I see this theme clearly displayed in the episode “Home Sweet Home-School,” in which Jessica begins supplementing her sons’ education with some extra assignments at home.  Eddie is upset because this new homeschool program means he can’t spend his afternoons playing basketball with his neighbor friend, and even Louis thinks Jessica has taken it a little too far.  The episode ends with Jessica lightening up and Louis playing basketball with all three of his sons, and even though Eddie’s friend later joins them, Eddie realizes he’s happy with just his family.  His whole world has changed, but his family has his back, no matter how crazy they drive him.  The show uses this episode to prove that family love manifests itself in different ways, even if it’s as overbearing as Chinese Learning Center at home.  No matter how much his life changes, Eddie always has his family.
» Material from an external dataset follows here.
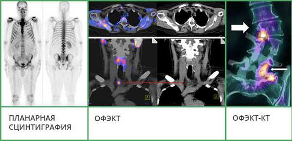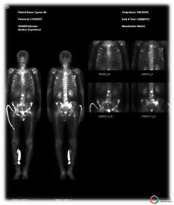 - ОФЭКТ-КТ - наиболее информативная методика. Во время исследования данные сцинтиграфии совмещают со снимками, полученными с помощью КТ. Это позволяет получать трехмерные изображения, судить не только о патологических изменениях в костях, но и о точной локализации очагов.

C’mon, admit it…deep down, y’all love each other.

On a Personal Note…

All GT freshmen at this point. Especially me.

Greetings!  My name is Charlotte Harris.  I grew up in Fayetteville, Georgia: a quiet little town nestled thirty miles south of Atlanta.  I hope to graduate with a business administration degree in May of 2022, although this is Georgia Tech, and both majors and graduation dates are quite subject to change!
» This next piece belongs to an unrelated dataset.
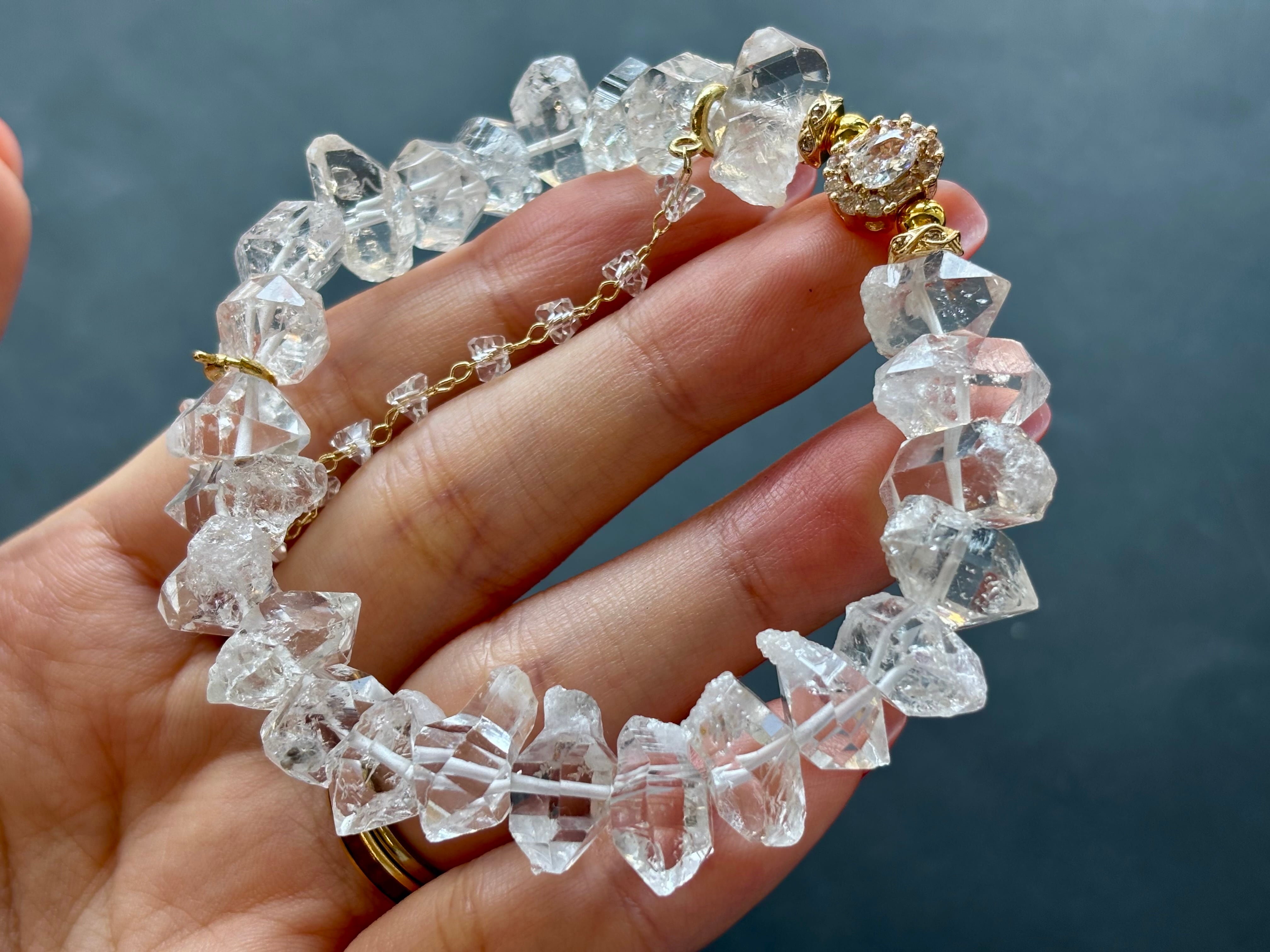 透明感が美しい氷のような高品質のパキスタン産のオイルイン ハーキマーダイヤモンドを贅沢に使用したブレスレットです。

Like most American eighteen-year-olds, I began learning about reading, writing, and grammar before I even started kindergarten, and ever since, that has comprised the bulk of my English education.  All of my language arts classes over the last thirteen years focused heavily on writing, and as a result, I subconsciously associate writing with English class.  I grew accustomed to the AP style of writing while in high school, and in my junior year, I was the best argumentative writer in the state of Georgia.  Of course, that’s only according to the judges at the GISA Class AAA state literary meet… but that’s beside the point.  After twelve years of writing, that was the experience that finally made me comfortable with putting words on paper.  That being said, writing is the element of a typical English class which comes most naturally to me.  And, since I believe writing is the best way to learn how to compose one’s thoughts and learn how to effectively convey them, speaking is the next easiest.  I will be the first to admit, however, that anything requiring creativity challenges me.  Although I am a visual learner, I am not visionary by any means.  So, this semester, I truly hope to improve my skills when it comes to creative presentation.
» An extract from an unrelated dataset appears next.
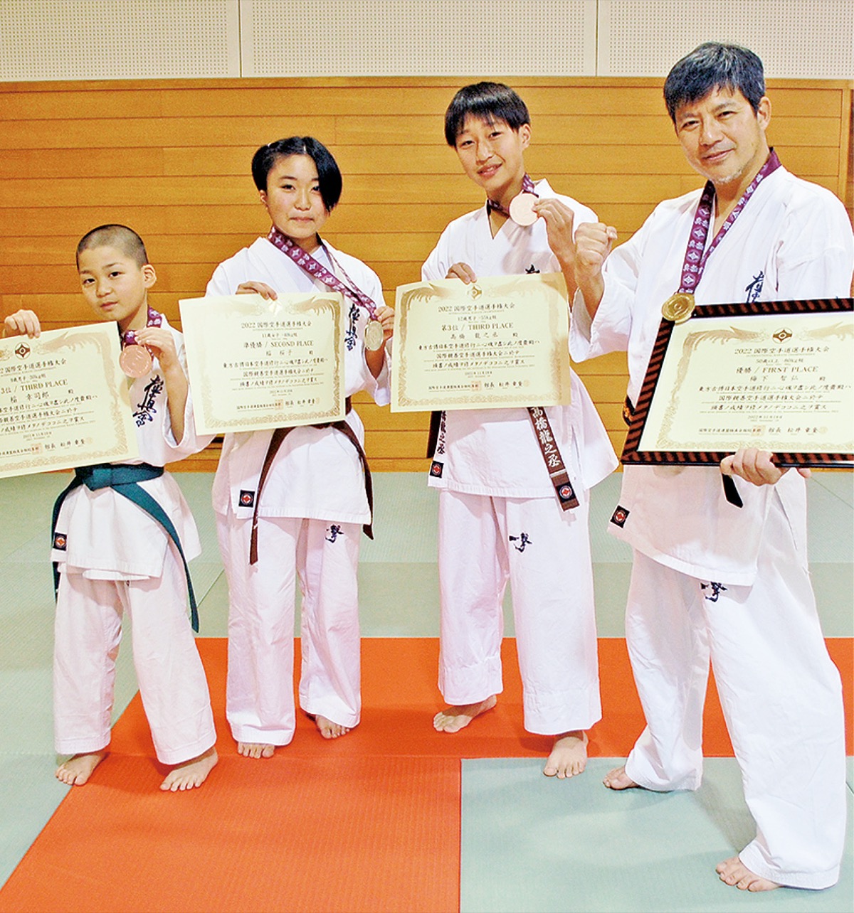 極真会館西湘支部の梅下智弘さん(初段・秦野市北矢名)と高橋龍之丞(平塚市)さん、稲桜子さんと幸司郎さん姉弟(平塚市)4人が11月19日に東京体育館で開催された2022国際空手道選手権大会で入賞を果たした。

To be completely honest, “Television and Feminism” is a class theme that scares me a little bit.  I would not consider myself a feminist, and I don’t watch a lot of TV.  On the rare occasion that I do binge TV, I am typically bored out of my mind, procrastinating a major assignment, or racing a coworker to see who can finish a series faster.  That’s it!  I’m not opposed to TV by any means; I simply don’t have as much spare time as I would like, and when I do have it, I would rather spend it asleep or with my family than in front of a screen.  So, I am excited to broaden my horizons a bit in this class!

I have chosen Fresh Off the Boat as my show to independently watch and review in this class.  To me, it seems to be a completely different pace than any show I’ve watched before, and I’m excited about this new theme.  The show is about immigrants and their lives as Americans, and I can’t wait to delve into that this week.  So with that, here goes a new style of English class, differences and challenges and all. But honestly, if I get to watch TV, how could I possibly complain at all?